Sixth International Conference on Spoken Language Processing
(ICSLP 2000)

Beijing, China
October 16-20, 2000

Compound Splitting and Lexical Unit Recombination for Improved Performance of a Speech Recognition System for German Parliamentary Speeches

Martha Larson (1,2), Daniel Willett (2,3), Joachim Köhler (1), Gerhard Rigoll (2)
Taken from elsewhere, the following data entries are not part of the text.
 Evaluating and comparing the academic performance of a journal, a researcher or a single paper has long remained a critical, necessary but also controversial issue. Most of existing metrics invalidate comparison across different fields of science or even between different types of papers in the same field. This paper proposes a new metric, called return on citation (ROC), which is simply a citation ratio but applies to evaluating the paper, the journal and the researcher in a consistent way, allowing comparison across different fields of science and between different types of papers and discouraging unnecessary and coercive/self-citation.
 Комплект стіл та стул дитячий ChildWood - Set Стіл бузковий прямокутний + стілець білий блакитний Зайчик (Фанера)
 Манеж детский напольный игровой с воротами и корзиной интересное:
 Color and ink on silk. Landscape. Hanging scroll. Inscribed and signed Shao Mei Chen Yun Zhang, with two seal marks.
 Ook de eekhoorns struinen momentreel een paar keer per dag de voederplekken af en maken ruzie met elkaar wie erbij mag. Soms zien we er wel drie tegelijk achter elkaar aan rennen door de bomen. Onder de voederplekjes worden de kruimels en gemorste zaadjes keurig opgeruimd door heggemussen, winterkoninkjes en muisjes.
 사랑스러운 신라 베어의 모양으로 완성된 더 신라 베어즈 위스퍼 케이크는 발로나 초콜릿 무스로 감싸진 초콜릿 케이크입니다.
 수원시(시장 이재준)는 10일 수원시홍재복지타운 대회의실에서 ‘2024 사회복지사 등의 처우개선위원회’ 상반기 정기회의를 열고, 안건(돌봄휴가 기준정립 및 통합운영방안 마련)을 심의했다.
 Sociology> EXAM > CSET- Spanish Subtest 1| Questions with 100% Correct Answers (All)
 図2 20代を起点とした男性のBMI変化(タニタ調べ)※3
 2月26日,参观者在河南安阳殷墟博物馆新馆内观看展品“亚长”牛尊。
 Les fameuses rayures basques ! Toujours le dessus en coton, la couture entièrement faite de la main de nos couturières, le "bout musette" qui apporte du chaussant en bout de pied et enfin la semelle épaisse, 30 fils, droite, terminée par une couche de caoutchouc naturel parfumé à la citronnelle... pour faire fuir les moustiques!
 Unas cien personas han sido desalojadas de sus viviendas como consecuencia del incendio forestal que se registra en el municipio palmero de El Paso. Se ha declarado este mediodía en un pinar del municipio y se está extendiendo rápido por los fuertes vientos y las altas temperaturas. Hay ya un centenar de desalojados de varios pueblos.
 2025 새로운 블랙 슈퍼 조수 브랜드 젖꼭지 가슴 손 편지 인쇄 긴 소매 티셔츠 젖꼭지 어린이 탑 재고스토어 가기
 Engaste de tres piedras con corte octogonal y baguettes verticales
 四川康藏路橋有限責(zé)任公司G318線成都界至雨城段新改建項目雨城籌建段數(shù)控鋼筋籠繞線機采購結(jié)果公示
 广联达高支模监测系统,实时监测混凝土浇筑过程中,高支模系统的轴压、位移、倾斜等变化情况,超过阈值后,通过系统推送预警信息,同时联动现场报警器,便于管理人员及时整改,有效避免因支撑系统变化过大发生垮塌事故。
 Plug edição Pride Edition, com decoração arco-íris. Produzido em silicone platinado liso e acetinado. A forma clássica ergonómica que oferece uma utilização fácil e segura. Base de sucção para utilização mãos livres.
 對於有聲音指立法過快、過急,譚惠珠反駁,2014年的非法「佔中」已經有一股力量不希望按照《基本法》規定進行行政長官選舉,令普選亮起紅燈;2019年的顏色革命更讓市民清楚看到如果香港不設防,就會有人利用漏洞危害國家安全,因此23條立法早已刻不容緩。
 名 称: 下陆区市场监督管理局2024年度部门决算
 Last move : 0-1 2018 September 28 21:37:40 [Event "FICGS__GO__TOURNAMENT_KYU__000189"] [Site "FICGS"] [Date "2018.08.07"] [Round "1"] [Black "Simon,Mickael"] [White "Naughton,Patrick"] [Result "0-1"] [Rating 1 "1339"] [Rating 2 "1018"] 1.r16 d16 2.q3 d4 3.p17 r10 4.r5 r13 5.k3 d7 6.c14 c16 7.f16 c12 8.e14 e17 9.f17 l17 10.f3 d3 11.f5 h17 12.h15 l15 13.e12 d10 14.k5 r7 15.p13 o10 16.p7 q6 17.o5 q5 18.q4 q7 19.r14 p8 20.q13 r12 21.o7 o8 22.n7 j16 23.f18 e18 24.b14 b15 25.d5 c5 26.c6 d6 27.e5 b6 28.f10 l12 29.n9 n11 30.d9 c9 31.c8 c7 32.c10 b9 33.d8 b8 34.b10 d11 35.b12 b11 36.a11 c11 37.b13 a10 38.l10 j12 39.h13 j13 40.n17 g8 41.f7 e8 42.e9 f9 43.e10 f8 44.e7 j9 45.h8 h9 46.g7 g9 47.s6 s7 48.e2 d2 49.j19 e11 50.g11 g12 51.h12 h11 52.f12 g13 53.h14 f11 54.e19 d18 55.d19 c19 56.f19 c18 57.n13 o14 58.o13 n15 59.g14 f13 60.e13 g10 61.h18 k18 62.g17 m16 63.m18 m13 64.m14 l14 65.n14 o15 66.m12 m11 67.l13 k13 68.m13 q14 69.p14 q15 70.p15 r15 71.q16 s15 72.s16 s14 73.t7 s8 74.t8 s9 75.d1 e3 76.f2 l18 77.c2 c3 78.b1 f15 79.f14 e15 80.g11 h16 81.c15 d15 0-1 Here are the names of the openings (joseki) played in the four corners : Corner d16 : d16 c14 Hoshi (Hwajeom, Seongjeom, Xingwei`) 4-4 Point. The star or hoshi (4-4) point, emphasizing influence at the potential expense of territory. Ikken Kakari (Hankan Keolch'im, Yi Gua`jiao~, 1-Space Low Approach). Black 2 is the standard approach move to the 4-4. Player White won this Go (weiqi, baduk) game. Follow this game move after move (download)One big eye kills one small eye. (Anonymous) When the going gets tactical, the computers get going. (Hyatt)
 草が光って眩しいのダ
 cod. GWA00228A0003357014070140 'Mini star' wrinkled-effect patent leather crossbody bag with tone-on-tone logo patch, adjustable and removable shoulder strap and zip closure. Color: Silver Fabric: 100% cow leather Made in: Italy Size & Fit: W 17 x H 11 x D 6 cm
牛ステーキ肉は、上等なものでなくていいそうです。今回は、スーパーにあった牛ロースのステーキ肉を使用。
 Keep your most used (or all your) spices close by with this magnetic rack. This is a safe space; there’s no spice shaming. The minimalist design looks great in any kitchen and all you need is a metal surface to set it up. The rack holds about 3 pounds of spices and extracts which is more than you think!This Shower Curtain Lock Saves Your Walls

(1) IMK: Institute for Media Communication, GMD German National Research Institute for Information Technology, Sankt Augustin, Germany
(2) Department of Computer Science, Faculty of Electrical Engineering, Duisburg University, Duisburg, Germany
(3) now with: NTT Communication Science Lab, Kyoto, Japan

This paper proposes a novel combined compound splitting and phrase recombination method that optimizes the composition of the speech recognition lexicon for a given domain. Data-driven compound word splitting is followed by iterative recombination of high frequency combinations. Language model perplexity and size are the criteria used to identify a balance between compound decomposition, which reduces OOV, and lexical unit recombination, which packs additional context into a fixed-size vocabulary. The method provides a basis for lexicon design for a LVCSR system on the domain of German parliamentary speeches that is to be used as the foundation of a spoken document information retrieval system. The approach achieves a 35% reduction in OOV without a prohibitively large sacrifice in recognition performance.